Machine Learning Toolkit (MLToolkit/mltk) for Python
Project description
MLToolkit
Current release: PyMLToolkit [v0.1.3]
MLToolkit (mltk) is a Python package providing a set of user-friendly functions to help building machine learning models in data science research, teaching or production focused projects.
Introduction
MLToolkit supports all stages of the machine learning application development process.
Installation
pip install pymltoolkit
If the installation failed with dependancy issues, execute the above command with --no-dependencies
pip install pymltoolkit --no-dependencies
Functions
- Data Extraction (SQL, Flatfiles, etc.)
- Exploratory Data Analysis (statistical summary, univariate analysis, etc.)
- Feature Engineering
- Model Building
- Hyper Parameter Tuning [in development for v0.2]

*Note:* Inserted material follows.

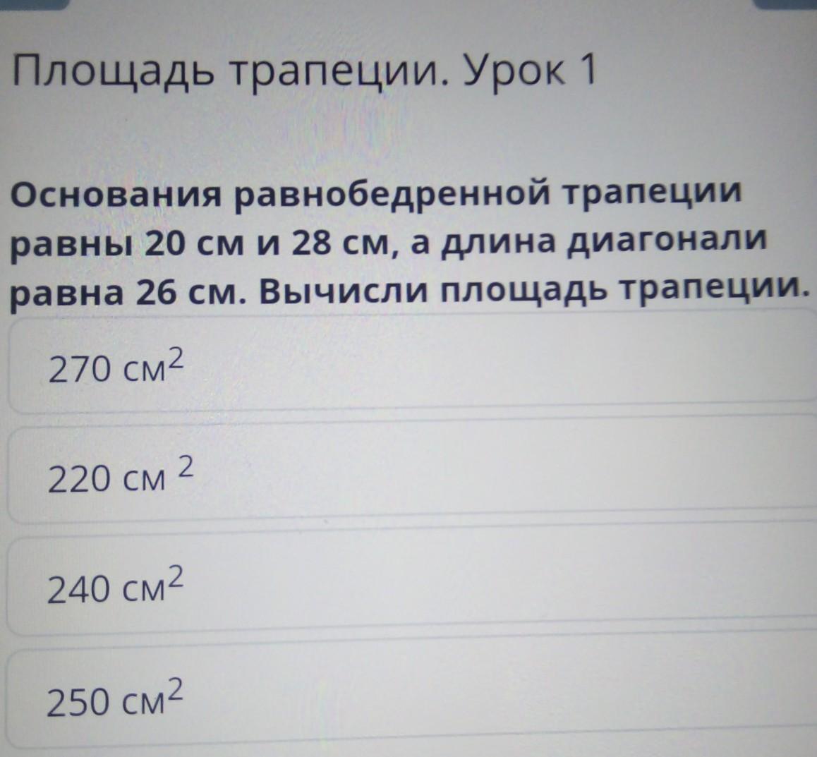 Площадь трапеции. Урок 1 Основания равнобедренной трапеции равны 20 см и 28 см, а длина диагонали равна 26 см. Вычисли площадь трапеции. 270 см² 220 см² 240 см² 250 см²

- Model Performance Analysis and Comparison Between Models
- Auto ML (automated machine learning) [in development for v0.2]
- Model Deploymet and Serving [will be imporved for v0.2]
Supported Machine Learning Algorithms/Packages
- RandomForestClassifier: scikit-learn
- LogisticRegression: statsmodels
- ... More models will be added in the future releases ...
Usage
import mltk
Examples
Data Loading and exploration
import numpy as np
import pandas as pd
import mltk as mltk
Data = pd.read_csv(r'C:\Projects\Data\incomedata.csv')
Data = mltk.add_identity_column(Data, id_label='ID', start=1, increment=1)
DataStats = mltk.data_description(Data)
Data Preprocessing
# Analyze Response Target
print(mltk.variable_frequency(DataFrame=Data, variable='income'))
# Set Target Valriable
targetVariable = 'HighIncome'
targetCondition = "income=='>50K'" #For Binary Classification
Data=mltk.set_binary_target(Data, target_condition=targetCondition, target_variable=targetVariable)
print(mltk.variable_frequency(DataFrame=Data, variable=targetVariable))
Counts CountsFraction%
income
<=50K 24720 75.91904
>50K 7841 24.08096
TOTAL 32561 100.00000
# Flag Records to Exclude
excludeCondition="age < 18"
action = 'flag' # 'drop' #
excludeLabel = 'EXCLUDE'
Data=mltk.exclude_records(Data, exclude_ondition=excludeCondition, action=action, exclude_label=excludeLabel) # )#
categoryVariables = set({'sex', 'native-country', 'race', 'occupation', 'workclass', 'marital-status', 'relationship'})
binaryVariables = set({})
print(mltk.category_lists(Data, list(categoryVariables)))
sourceVariable='age'
table = mltk.histogram(Data, sourceVariable, n_bins=10, orientation='vertical', show_plot=True)
print(table)
# Divide to categories
labels = ['0', '20', '30', '40', '50', '60', 'INF']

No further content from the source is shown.